* **Recorded data**:
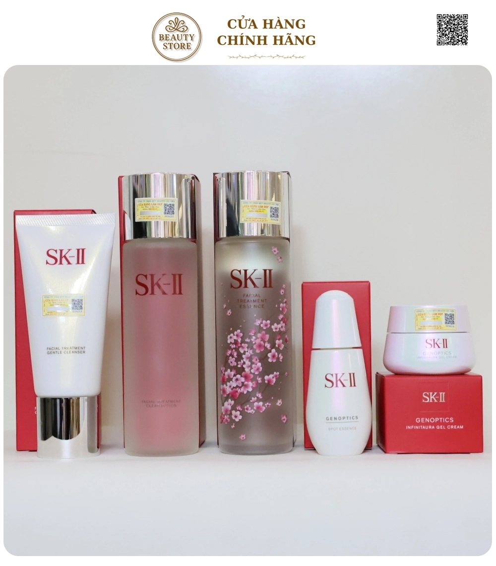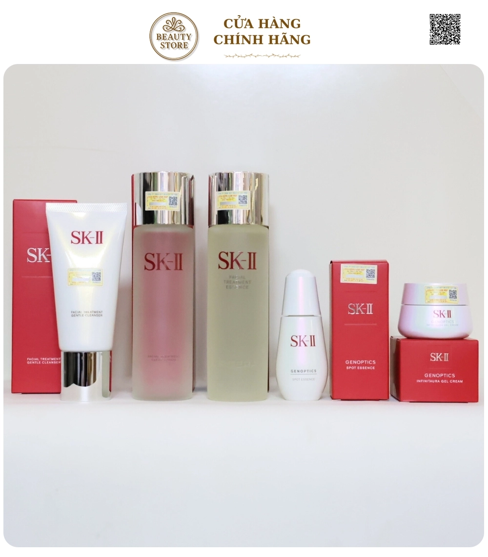 Bộ 5 món cao cấp từ SK-II là giải pháp chuyên sâu dành cho làn da nám, xỉn màu và không đều màu. Sự kết hợp giữa tinh chất đặc trị GenOptics Spot Essence và kem dưỡng GenOptics Infinitaura Gel Cream giúp tác động kép: làm mờ sắc tố – dưỡng sáng – cấp ẩm, mang lại làn da rạng rỡ và trong trẻo hơn từng ngày.
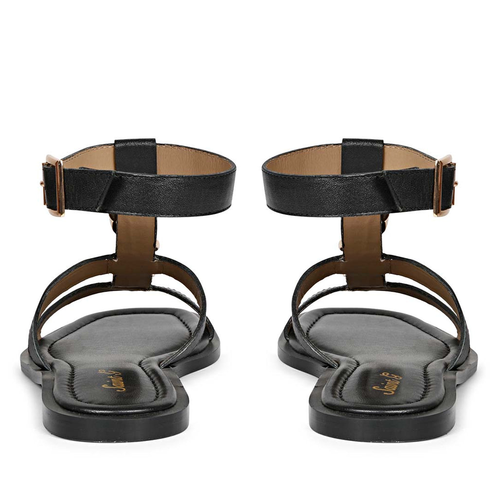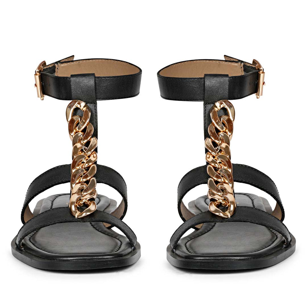 Saint Genesis Golden Chain Decor Black Leather Sandals
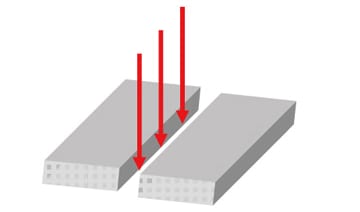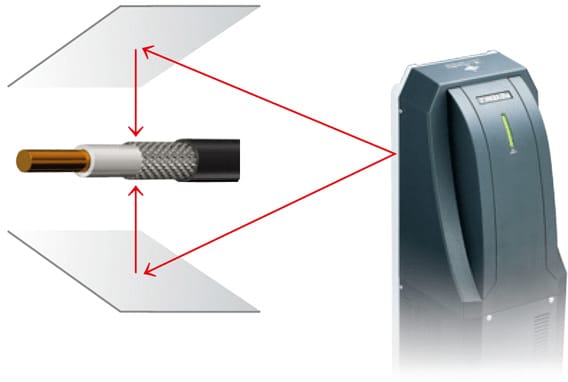 另外,使用鏡面的SUS材料等反射雷射光,就可以同時對電線表裏進行切割加工。一個製程就能完成表裏加工,可大幅減少產距時間,有助於提升生產效率。
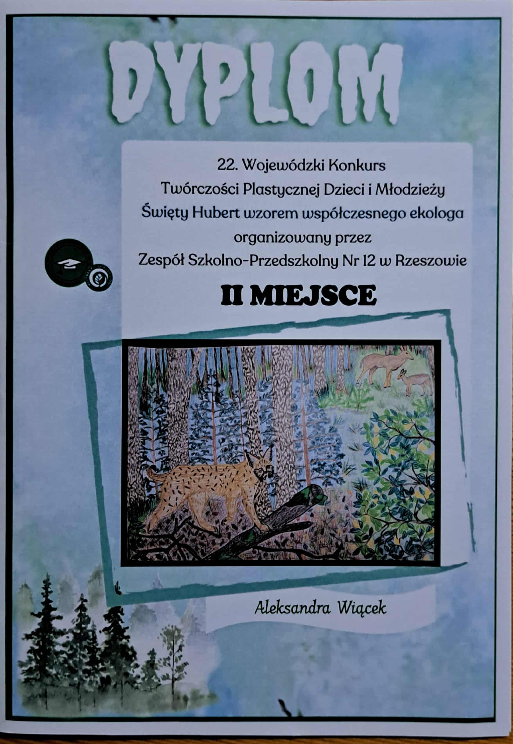 Uczennica klasy 8 Maja Dworak zdobyła I miejsce za wykonanie pracy plastycznej na temat: Święty Hubert i zwierzęta w akwarelowym lesie.
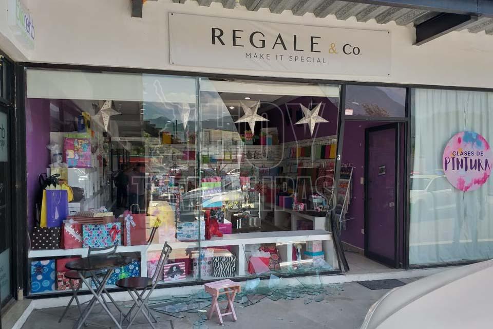 Conductora distraída causa daños a negocio de regalos en Ciudad Victoria
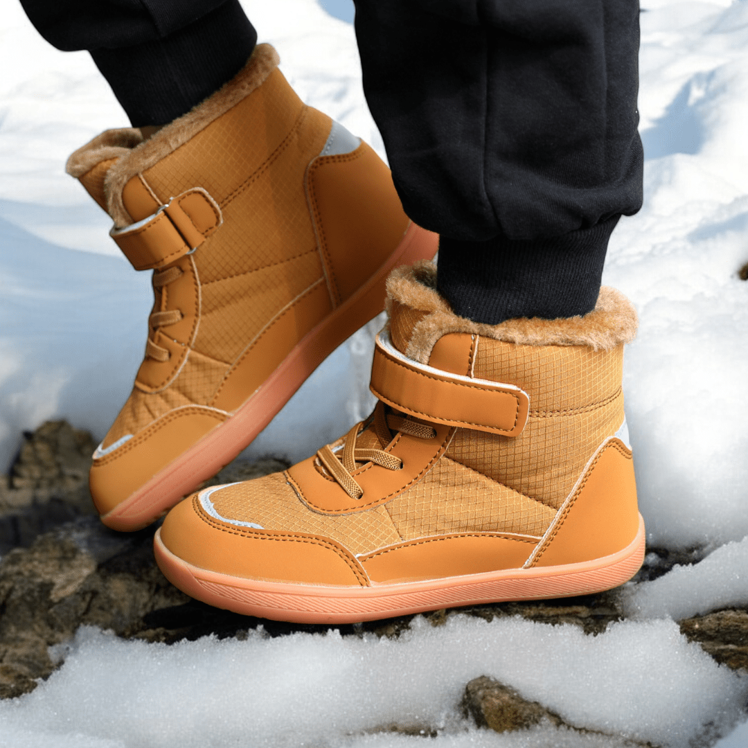 The water resiatant construction keeps little feet dry in snow and rain, while the flexible, lightweight sole supports natural movement. With a wide toe box for comfort and space to grow, kids can enjoy better balance, posture, and foot strength even in cold conditions.

* **Activity**: Copy nothing but the lines from the start of the entries through the line with "另外,使用鏡面的SUS材料等". Write them out exactly, without pictures.

* **Response to this task**:
 Bộ 5 món cao cấp từ SK-II là giải pháp chuyên sâu dành cho làn da nám, xỉn màu và không đều màu. Sự kết hợp giữa tinh chất đặc trị GenOptics Spot Essence và kem dưỡng GenOptics Infinitaura Gel Cream giúp tác động kép: làm mờ sắc tố – dưỡng sáng – cấp ẩm, mang lại làn da rạng rỡ và trong trẻo hơn từng ngày.
 Saint Genesis Golden Chain Decor Black Leather Sandals
 另外,使用鏡面的SUS材料等反射雷射光,就可以同時對電線表裏進行切割加工。一個製程就能完成表裏加工,可大幅減少產距時間,有助於提升生產效率。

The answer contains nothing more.